KITTEN: I would like to go back to the discussion that you and I had in February when we talked about socially engineered schemes perpetrated by phishing or vishing, and how those schemes have elevated the number of corporate account takeover cases over the last two years. How are institutions addressing those socially engineered schemes? In light of the new FFIEC guidance, what more should they be doing in that arena?
AUSTIN: It keeps coming back to the same topic. Social engineering schemes and all the vishing and phishing that are going on, it's another way to compromise the credentials and gain access to the account. So it's in the same category as malware. It's another way that the criminals penetrate the accounts and they do it very, very effectively. If the bank or credit union assumes that the end point is compromised, whether its because of malware or a social engineering scheme, and they are continually monitoring every session for suspicious behavior, they can detect the account takeover and fraud before the money leaves the bank, whether the threat comes from social engineering, phishing, malware or any of the other multitudes of threats. Again, it's an important layer for institutions to be thinking about in the context of doing this continual transaction monitoring and anomaly detection.
Next StepsKITTEN: Overall, when you take a look at the guidance, what next steps do you advise institutions to take to ensure that they comply with the changes that they have to have in place by January of 2012?
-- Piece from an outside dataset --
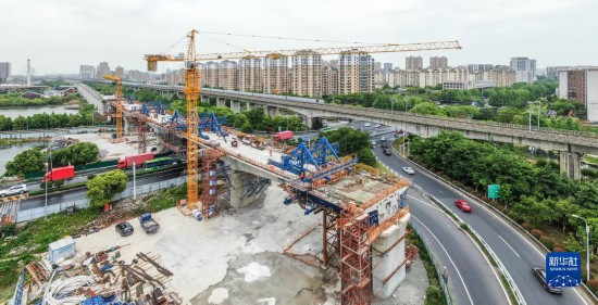 這是4月28日拍攝的江蘇南沿江城際鐵路南京段站前1標(biāo)跨上坊互通連續(xù)梁施工現(xiàn)場(無人機(jī)照片)。
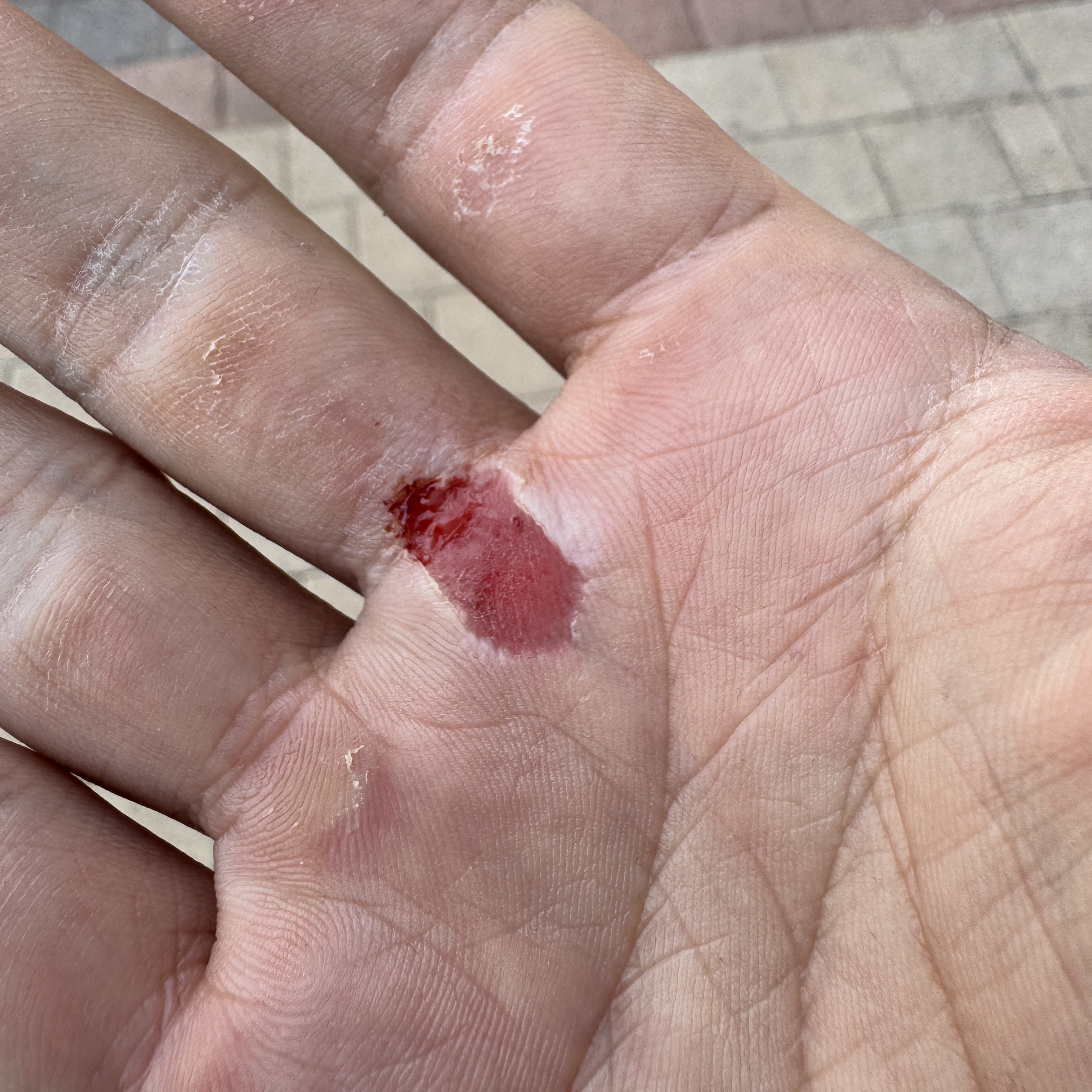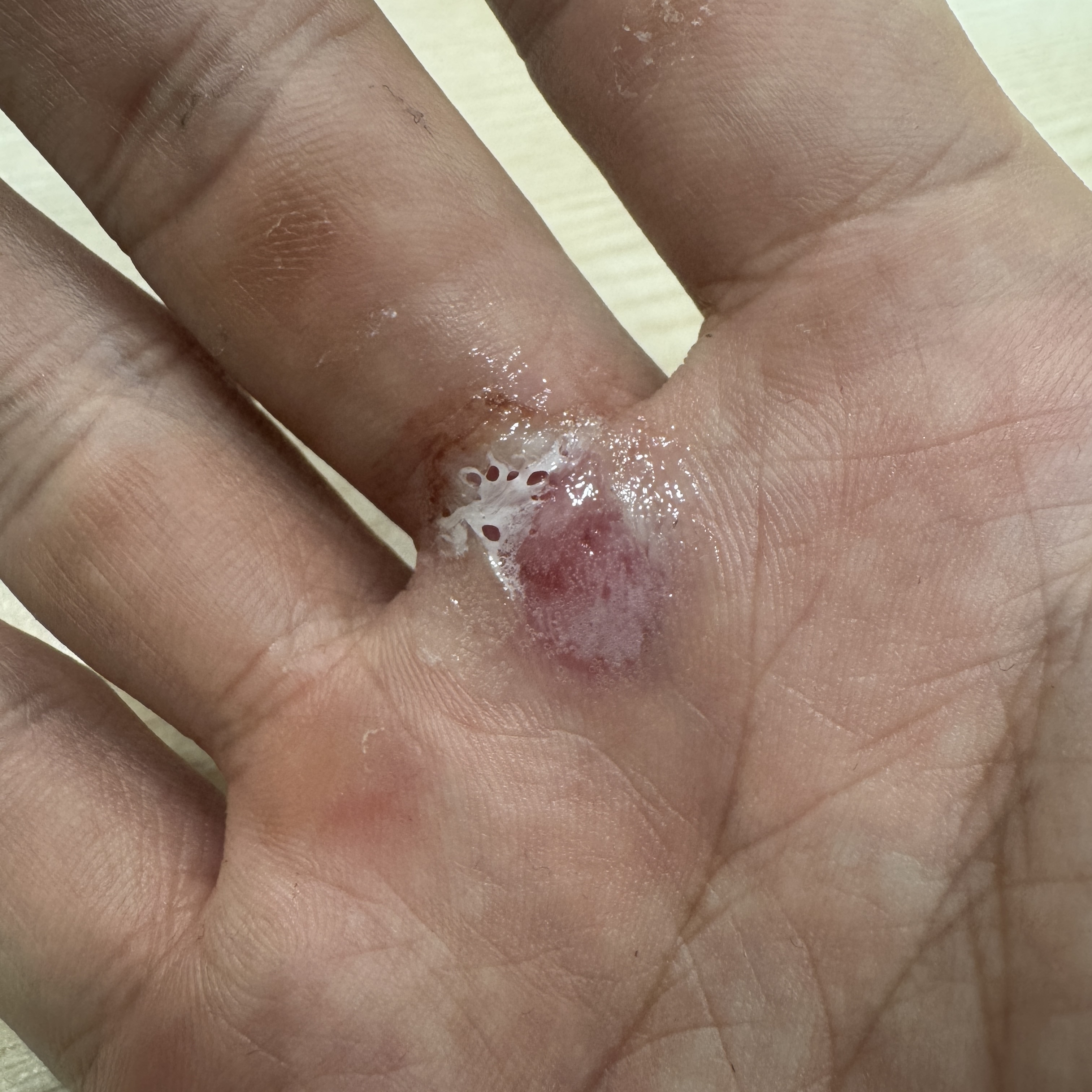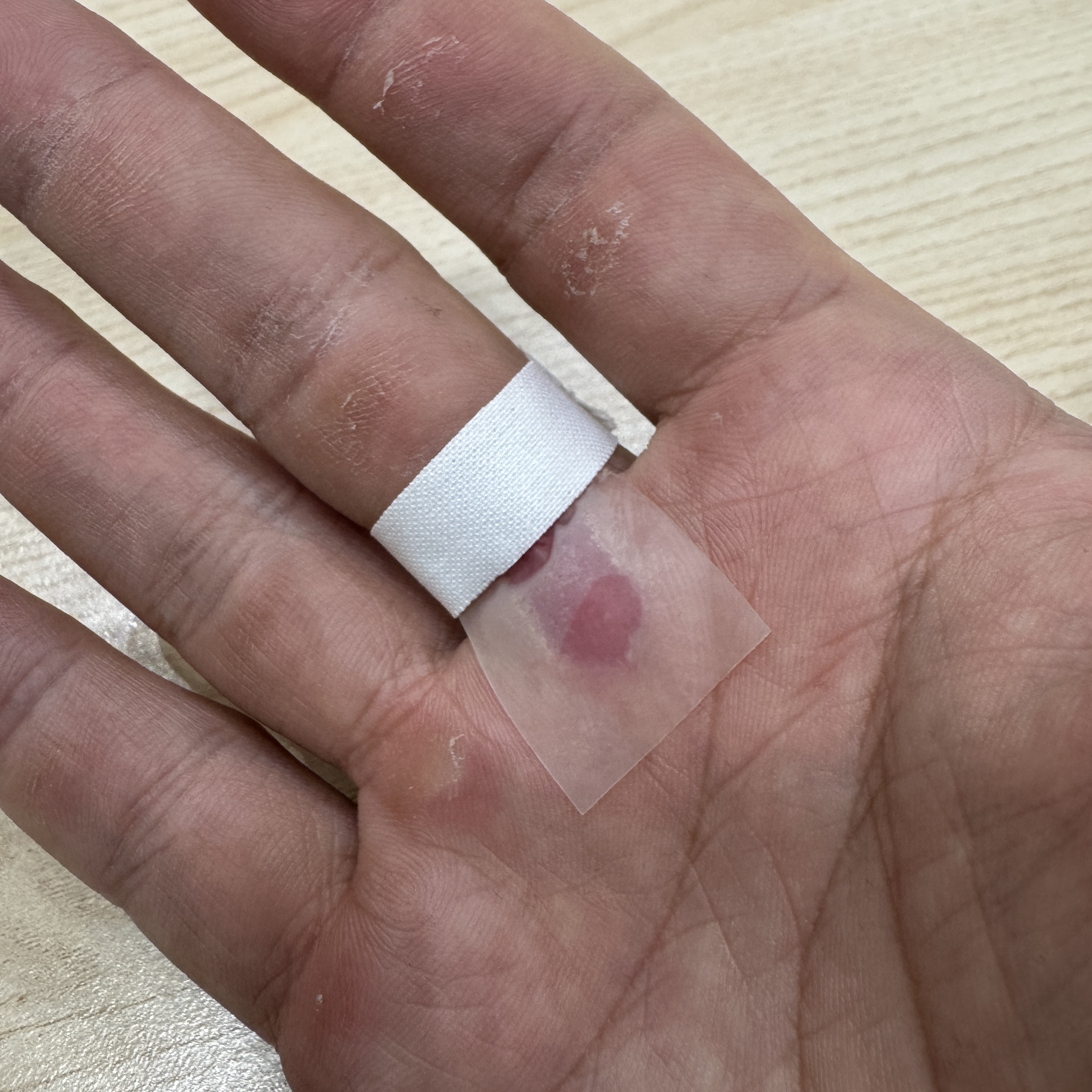 그게 이 오른손이다. 클라이밍 끝나고 반창고 들췄더니 표피가 한 꺼풀 벗겨진 거였다. ㅠ 나올 때 보니까 이렇다. 특히 손가락과 바닥의 경계 부위는 좀 많이 패여 있다. 그 부분이 제일 따갑기도 하고. 근데 부위가 부위인지라 쉽게 낫지는 않을 거 같다는 생각이 들더라. 좀 오래 가겠네. 쩝.

AUSTIN: It begins with risk assessments, and we recommend that institutions really educate themselves on the complete set of threats and risks for the products they are offering today and for the new financial products or expedited service levels that they are considering in the future. They should understand the entire scope of threats against both their retail and commercial online banking customers. I would also encourage institutions to think through the total impact of fraud, not just the dollars lost but the impact on productivity, the impact on brand reputation and all the potential impacts that fraud can have.
From a technology standpoint, the minimum requirements on page five of the FFIEC guidance are very clear and institutions should just start there. They should deploy the technology associated with the minimum requirements and then create a plan for additional layers based on the level of risk they are facing as an organization. We recommend that they move quickly to address the minimum requirements. The technology is available. It's straight-forward, it's easy to deploy and institutions can very quickly check off these minimum requirements without spending a lot of time, money or resources. They have so many other issues on their plates to deal with, Durbin, Dodd-Frank and all these other things that are being thrown at them. They can address these FFIEC core minimum requirements very quickly and very easily with existing technology that is in the market today.
KITTEN: And in closing, if you had to offer three priorities for banks and credit unions when it comes to compliance, what would those priorities be?
AUSTIN: Meet the minimum requirements from anomaly detection, transaction monitoring and administrative controls. Have a plan and a process for risk assessments, and rethink the customer communication strategy to increase the transparency between them and their customers. I think if they do that, they are really meeting the FFIEC guidance and they are doing a much better job of protecting themselves and their customers, and I think it will pay huge dividends.